Logic, processors and automation control

• Logic Processors (three main sizes) run instructions per second at different speeds and ranges:
  • Small: 120/s (2/tick), mid-range
  • Medium: 480/s (8/tick)
  • Large: 1500/s (25/tick), requires coolant
  • Editor-only extreme processors exist with much higher capacity
• Processors can:
  • Read sensors and block properties (health, item counts, first item, capacity, progress, rotation, coords, size, enabled state, etc.)
  • Control blocks (enable/disable, set filters, control doors and conveyors, write to memory cells, print messages)
  • Bind and command units
• Use logic to:
  • Toggle conveyors, gates and doors (via the enabled property) for routing, safety or bottleneck control.

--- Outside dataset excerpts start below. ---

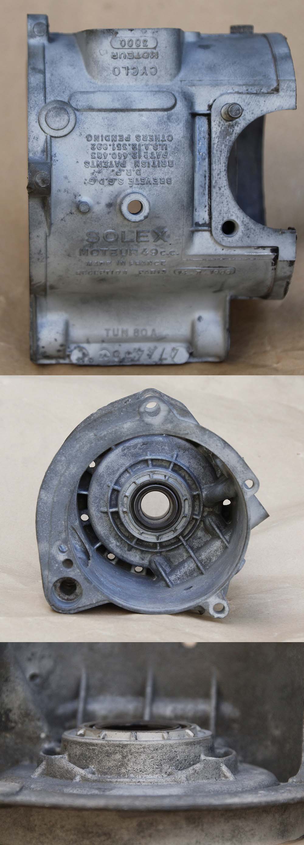 Première génération de carter avec galet de 42 mm et joint spi - taille 21,5 X 40 X 1,5 / 5. Le pourtour du roulement n'est pas renforcé, le carter d'embrayage est lisse. Il porte l'inscription "3800" sur le devant du moteur. Mais la date d'homologation est encore celle du 2200.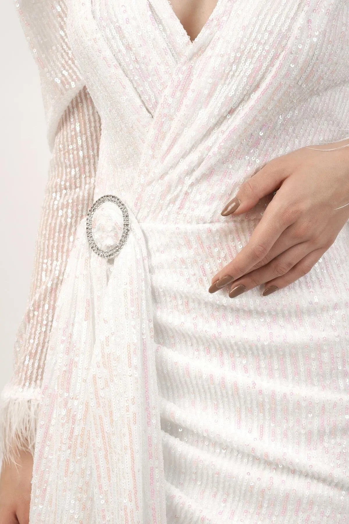 Payetli Otriş Detaylı Karpuz Kol Elbise - Beyaz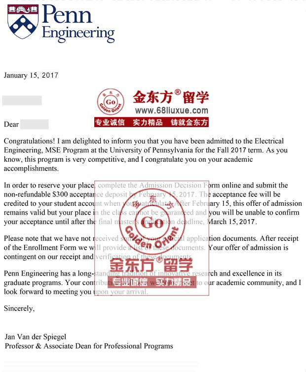录取结果:University of Pennsylvania宾夕法尼亚大学,MSE in Electrical Engineering电气工程硕士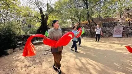 “跟着团长打县城”升级版“重走支前路”,沉浸式抗战体验餐红色旅游新玩法:中国人自己的剧本杀《重走支前路》!跟着冲锋号往前冲,超级有体验感,同时被网友称为“最适合中国人的cosplay”冲进去以后在城里庆祝,有表演可以看。这“打县城”的项目,在沂南县的红嫂家乡旅游区,拍过不少红色电剧。他们把《亮剑》这些抗战剧的场景还原出来,游客穿上军装,拿着道具武器,跟着“团长”模拟冲锋陷阵,体验当年的峥嵘岁月想象一下,你站在一片宽阔的战场上,手中紧握着道具大刀,眼前是模拟的“平安县城”随着一声令下,你和周围的“战友”们一起冲向城门,炮火连天,硝烟弥漫。大家一起冲锋,那场面,真是让人热血沸腾。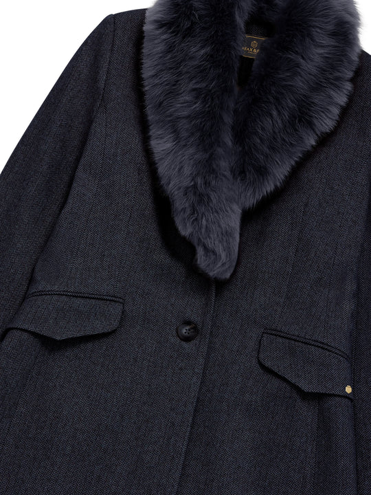 Harriet - Navy Herringbone Women's Coat - Navy Herringbone Wool Mix

  • Read inventories and sensor states to prevent overproduction, maintain buffers, or trigger imports/launches.
  • Control complex unit routing (e.g., Unit Cargo Loaders / Manifolds coordinate delivery to matching unload points).
• UI blocks:
  • Switches and levers provide booleans directly to processors.

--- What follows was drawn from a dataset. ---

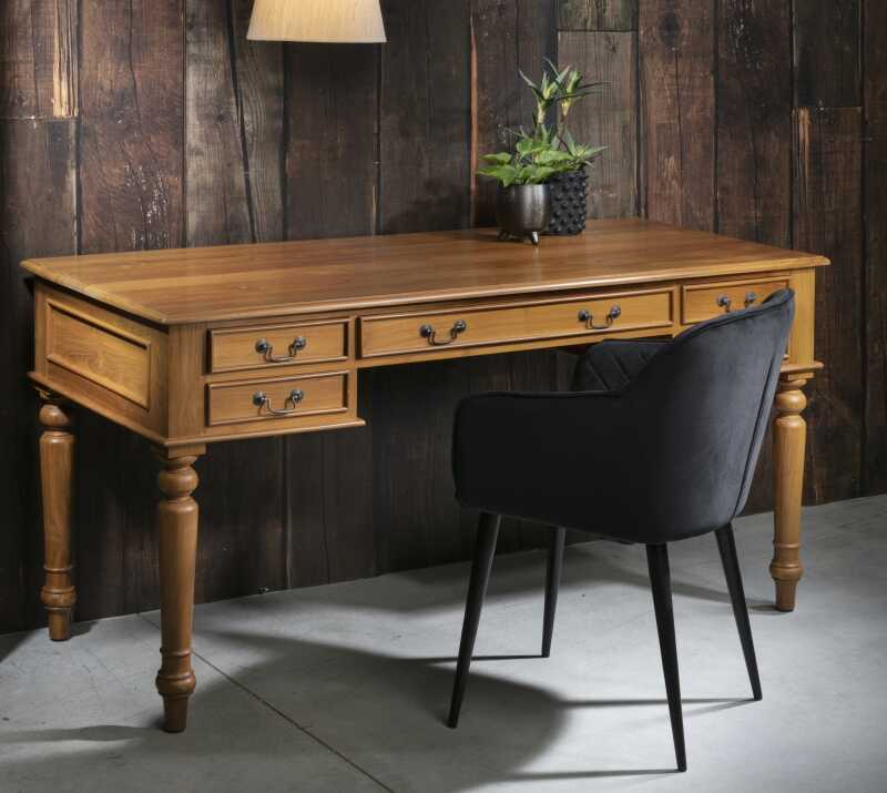 שולחן כתיבה עשוי מעץ מלא יוקרתי עם נוכחות אלגנטית. מיוצר מעץ טיק עמיד ואיכותי,המעניק לשולחן מראה חם ובעל אופי.פריט שמשלב פונקציוניליות עם עיצוב קלאסי.

  • Message blocks and Displays allow output and visual feedback; Print and Printflush send text to message blocks.
• Practical examples:
  • Use a processor to disable a conveyor when an item count exceeds a target (sensor + jump + control enabled).

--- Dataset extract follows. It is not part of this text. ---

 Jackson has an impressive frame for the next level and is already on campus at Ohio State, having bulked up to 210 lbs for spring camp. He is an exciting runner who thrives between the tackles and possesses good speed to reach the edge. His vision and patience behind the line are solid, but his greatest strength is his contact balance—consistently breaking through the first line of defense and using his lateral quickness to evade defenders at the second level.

  • Cycle Manifolds by placing filters on Unit Cargo Unload Points and let Manifolds deposit into matching filters; Manifolds will take up to 100 of the most abundant item from their loader and deliver to matching unload points.

Common design patterns and troubleshooting

• Buffers and balancing: use Containers and Unloaders (which can equalize inventories with connected containers/cores) to create shared inventory pools for multiple factories.
• Preventing brownouts: isolate heavy industrial loads (mixers, weavers, compressors) on separate power networks or use Battery Diodes so defense turrets cannot cause production slowdowns.
• Handling mixed outputs: Separators and Disassemblers output multiple item types randomly or in mixes — follow them with Sorters + Incinerators (or Overflow Gates to storage) to avoid long-term clogs.
• Avoid placing capacity-bearing distribution blocks (Routers, Distributors) directly adjacent to factory outputs unless you want a buffer; where clog-free behavior is needed use instant-transfer devices (Sorters, Gates).
• When using batch conveyors (Plastanium/Surge), ensure multiple starting/loading segments for peak throughput and avoid crossing obstacles that create new starting segments; bridges/transitions reduce throughput because they create new starting segments on the far side.
• Plan pump counts and liquid buffers to meet the sustained per-second consumption of large reconstructors or unit assemblers — many require large quantities of cryofluid or coolant that conduits alone may not be able to supply without liquid containers/tanks acting as shared buffers.

This overview provides the automation building blocks and patterns you’ll use to scale production reliably. Combine high-throughput transport (batch conveyors, bridge conveyors), instant-transfer routing (Sorters/Gates), logic control (processors + sensors), and isolated power networks to keep factories and defenses running at full speed without constant micromanagement.